Due to the cross-sectional study design, temporality and causality are also difficult to establish. Although the answers for variables may indicate causality, it cannot be ascertained which of the variables came first.
However, there are strengths to the study. For example, analysing the changing risk of different behaviours over time is helpful in determining if health programs are acting effectively in reducing HIV prevalence. HIV diagnoses were not reliant on self-reporting, but were based on biological samples, reducing the likelihood of reporting bias. In addition to this, knowing which behavioural and demographic risk factors are becoming more prevalent in recent years is valuable information for health service programs. Targeted HIV prevention programs have provided encouraging results, both in Nepal (32) and other developing countries (33–35). Strengthening and tailoring the current HIV programs to better suit the individuals who need them should be a priority moving forward.

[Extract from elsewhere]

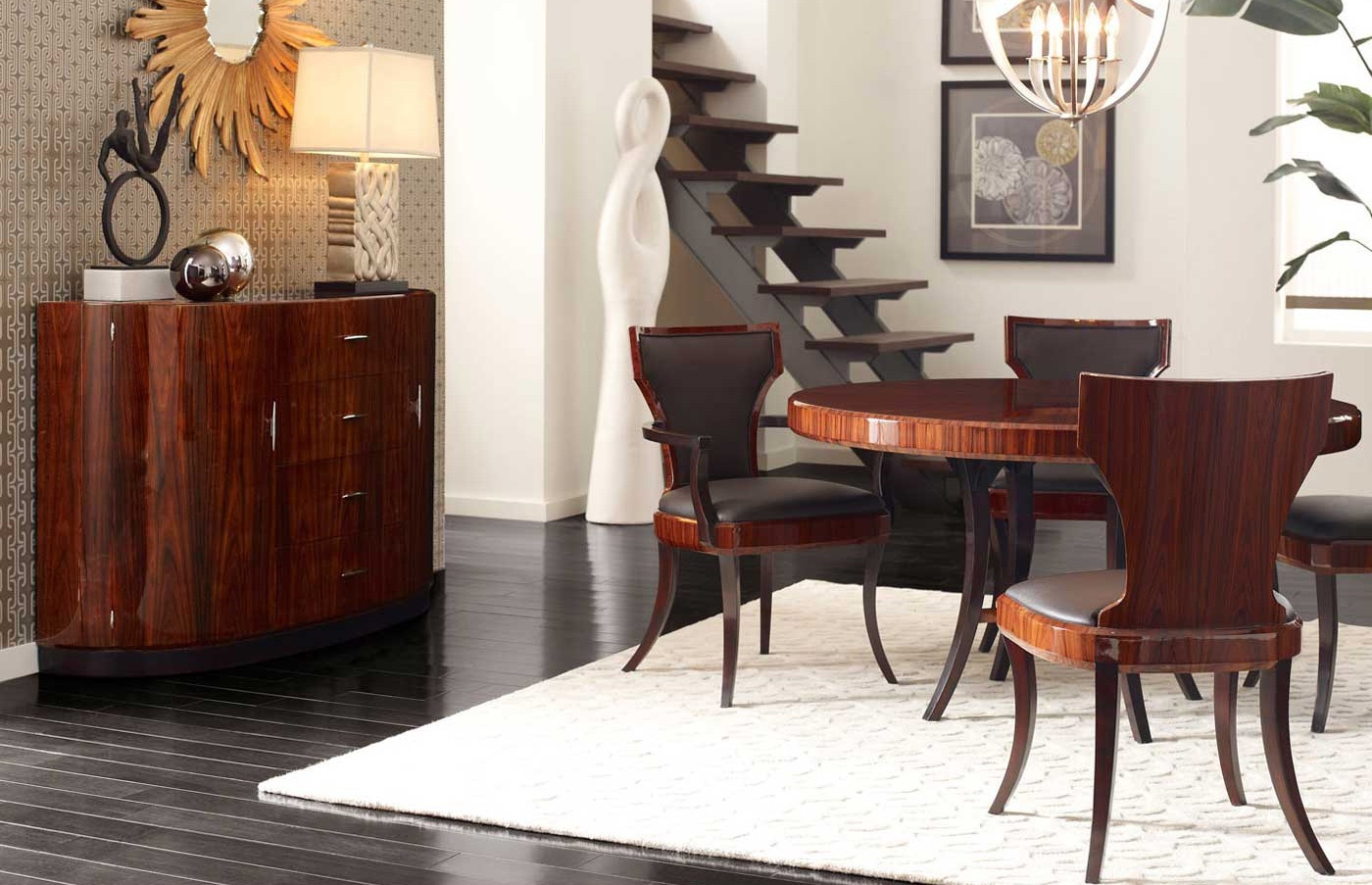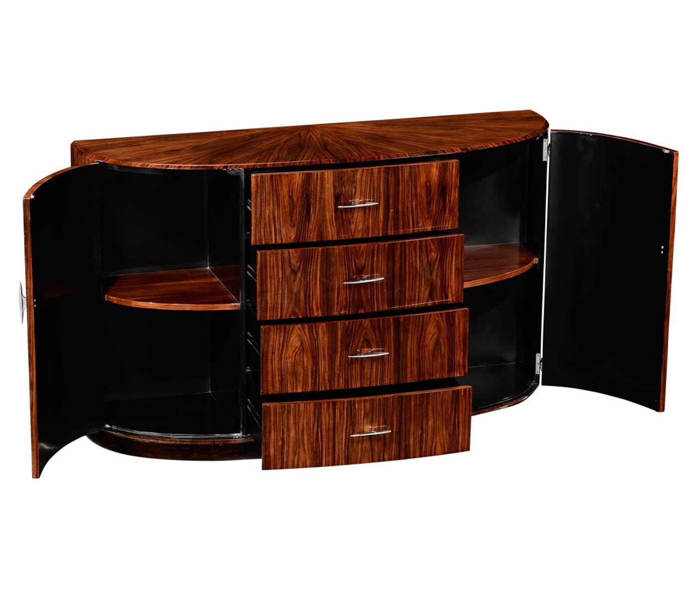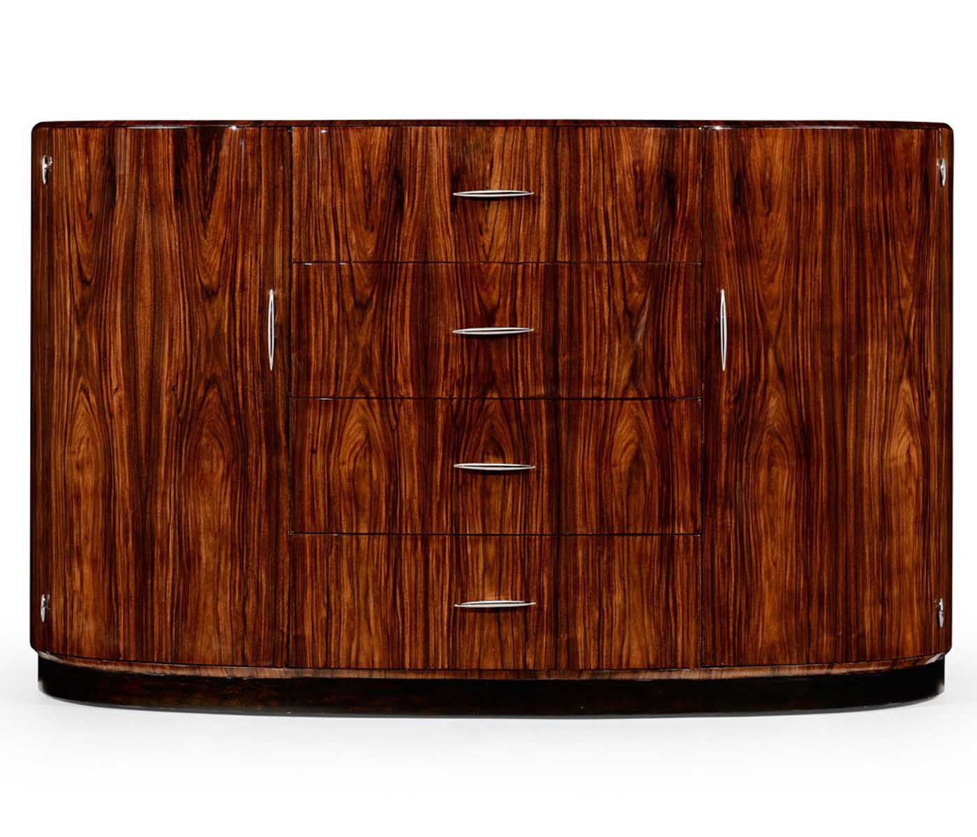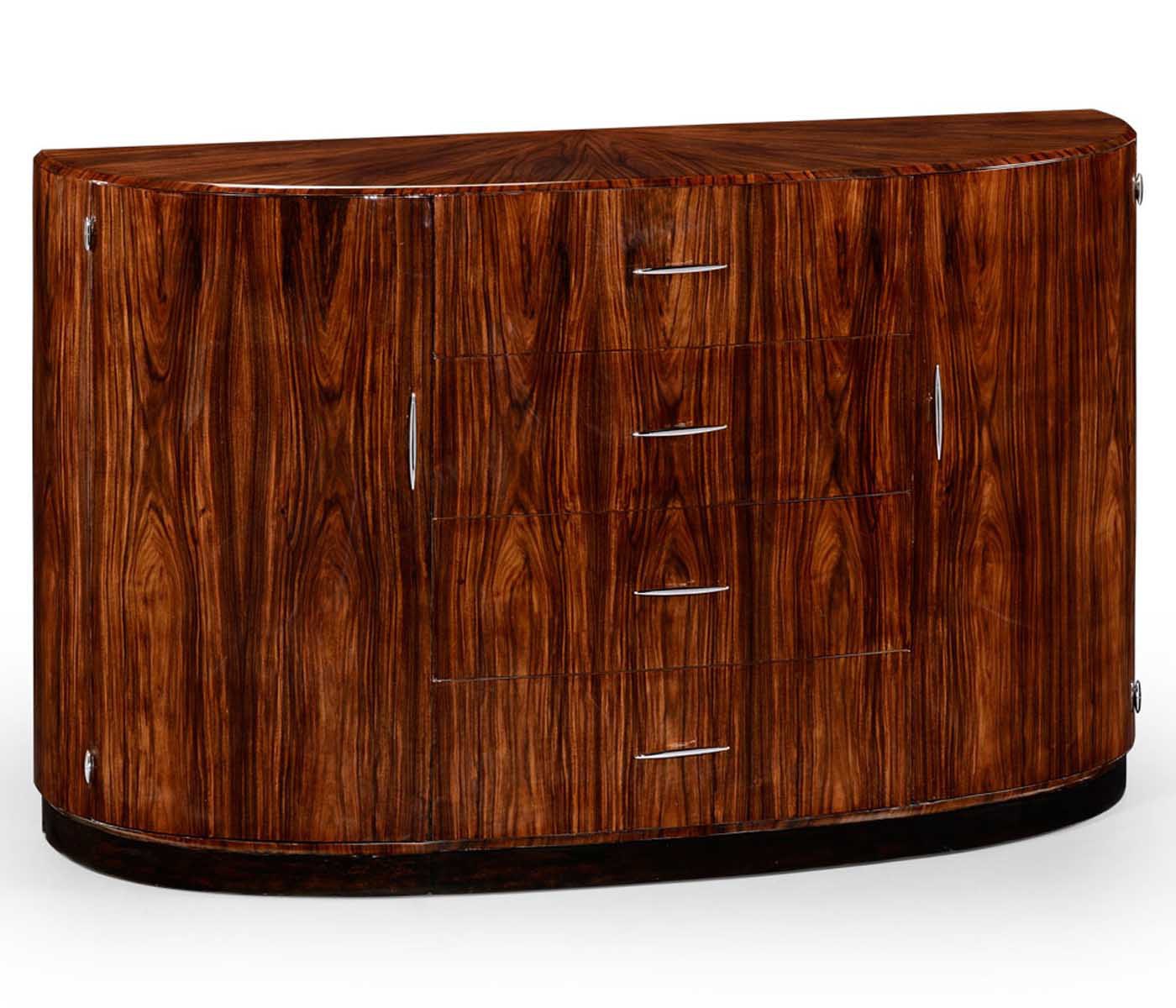 A snack bar Santos from an American manufacturer Jonathan Charles. Model semi-circular form on stepped base. The model with four drawers and curved doors on the sides. The case is made of natural wood and veneered. Fittings made of metal.
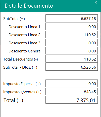 1. Detalle Documento: Esta ventana muestra  el detalle de todo el documento, descuentos aplicados, el IVA de los artículos, impuesto especial, subtotal y total de la factura.

Increasing both the knowledge of and access to anti-retroviral therapy is also a potential avenue of reducing the spread of HIV, as it has been shown that ART is one of the most effective mechanisms of controlling HIV (36). The issues with ART adherence and access in Nepal have been noted previously (37). In the most recent government strategy document related to HIV control, the National HIV Strategy 2016–2021 (29) targets 90% retention for individuals diagnosed with HIV on ART, while also aiming to identify, test and correctly diagnose 90% of the key populations (29). The results found in this paper appear to show that the numbers of IDUs who have been tested for HIV, while increasing, remain below the 90% target testing rate. Additionally, the numbers of HIV positive individuals in this study who know where and how to get ART were far lower than the target, as only 16% of those with HIV and only 12% of IDUs overall knew where to receive this treatment.
This study has identified several important socio-demographic and modifiable behavioural risk factors associated with trends in HIV prevalence among male IDUs in Nepal to inform current population health policy strategies and responses. Based on the levels of knowledge of the male IDUs, addiction treatment and HIV education programs need to be strengthened in future intervention strategies.